Saturday, May 21, 2022

The Joy of Functional Spaces (and there is no place like home)

 Arun Kumar

Photo by Nathan Oakley on Unsplash


Every five minutes I squirm around but don’t seem to get comfortable. The depth of the sofa is 25”, and for short people like me, legs dangle in the air. I feel like a child living in spaces made for adults. 

A Gulliver in the land of Giants. I am at a friend’s house, but they definitely are not the Giants. My hosts also have the same build as mine.

When traveling and staying in hotels or enjoying the hospitality in the home of a kindred soul, the contour of spaces sometimes do not conform with the curves of my body.  When away from home, occasionally finding functional spaces that invite the body to sink in, relax, and give an audible sigh of relief, comes as a pleasant surprise.

Functional spaces (or the spaces that are functional) that bring the comfort and safety of a mother's womb, are a precious gift, and a sense of wellbeing, to strive for.

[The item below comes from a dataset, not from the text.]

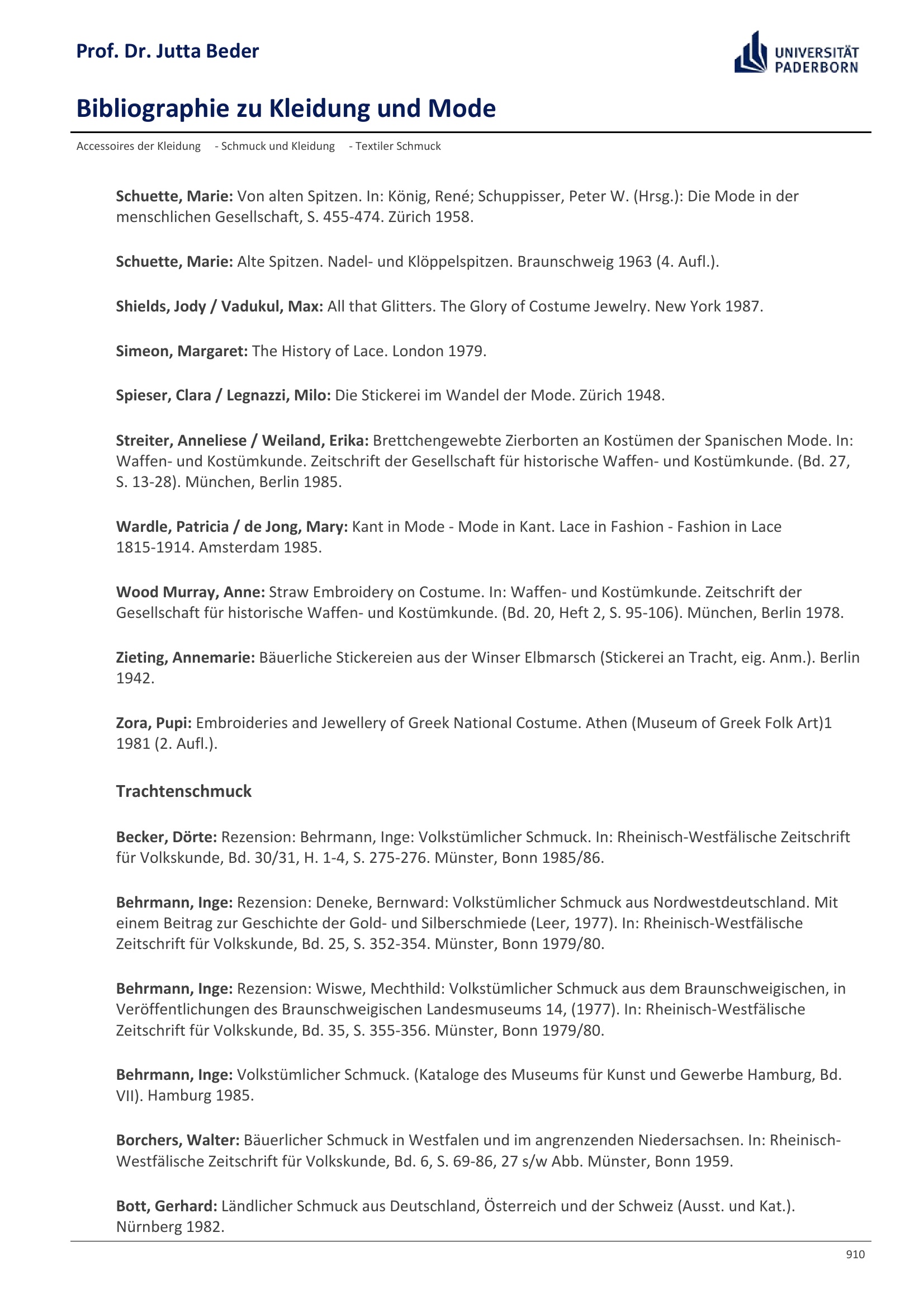 Bibliographie zu Kleidung und Mode / Prof. Dr. Jutta Beder
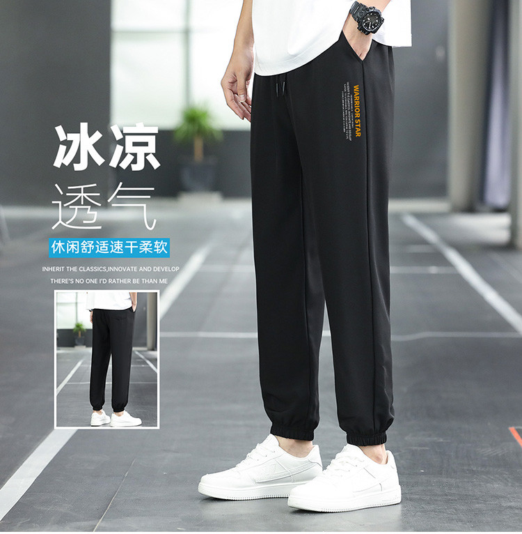商品名称:【冰丝质感】夏季运动休闲长裤凉感薄款透气百搭学生系绳束脚裤男 717395

At home, when I get up in the morning and have my first cup of Earl Grey, things around me magically morph to fit my mind and body. The size of the teacup, and its shape, is just right for my palms to wrap around and feel the pleasant warmth on cold wintery mornings. The sofa chair I sit on is just right for the length of my legs as my back sinks in the comfort of its cushions. Sitting next to me is a side table within easy reach to place the teacup.

It all feels just perfect as if over the millions of years, evolution has shaped everything to fit flawlessly.

I am reminded of all this while staying in someone’s place when after a few days I start to miss the comforts of home. The hosts are wonderful and loving people and I have always enjoyed their company. Their set up of living spaces, however, leaves something to be desired, at least for me.

Our hosts are my height and while sitting on the end of the sofa, their feet dangle in the midair also. Their work around to regain some sense of comfort is to put another cushion behind their back to prop themselves forward. It is something that just does not work for me.

In the morning right away I miss not having a side table. It feels irksome having to lean forward and put the cup back on the coffee table (which is heavy enough that it cannot be dragged easily on the wooden floor without being in the danger of leaving marks).

After a short break, I lean forward again to pick up the teacup, take a couple of sips and lean forward to put it back on the table. The cycle of discomfort repeats.

Later comes suppertime and we sit on a dining table with highchairs, and I am reminded of the same discomfort that started the day. My feet dangle in the air, the slates on the wooden chair, and gaps between them, do not please my derriere. The chair and my bottom are locked in a silent tug of war to find the sweet spot.

The story, in different contexts, repeats throughout the day. After a while I start to think, are they doing this because they are falling prey to their desire to conform with the current home furnishings trends, or they just have some masochistic desires that I never learned about. If it is the latter, I should lock the door at the end of the day when I step into the bed.

By the way, to get into the bed makes me wish I had brought my step ladder so I can climb into bed without the fear of falling. The height of the bed can make Mount Kilimanjaro envious.

A stack of old issues of Architectural Digest on the coffee table makes me think that the real reason their home does not feel like a functional space is that they have succumbed to the disinfected norms of magazine living, and what they see repeated in the houses of their friends. And since it sells, similar sofas stock the floor space in the furniture stores, while to find comfort, you have to hunt online stores.

My friends fell prey to living by other people’s rules. In the end, everyone is following one another and lives in a background of conformal discomfort.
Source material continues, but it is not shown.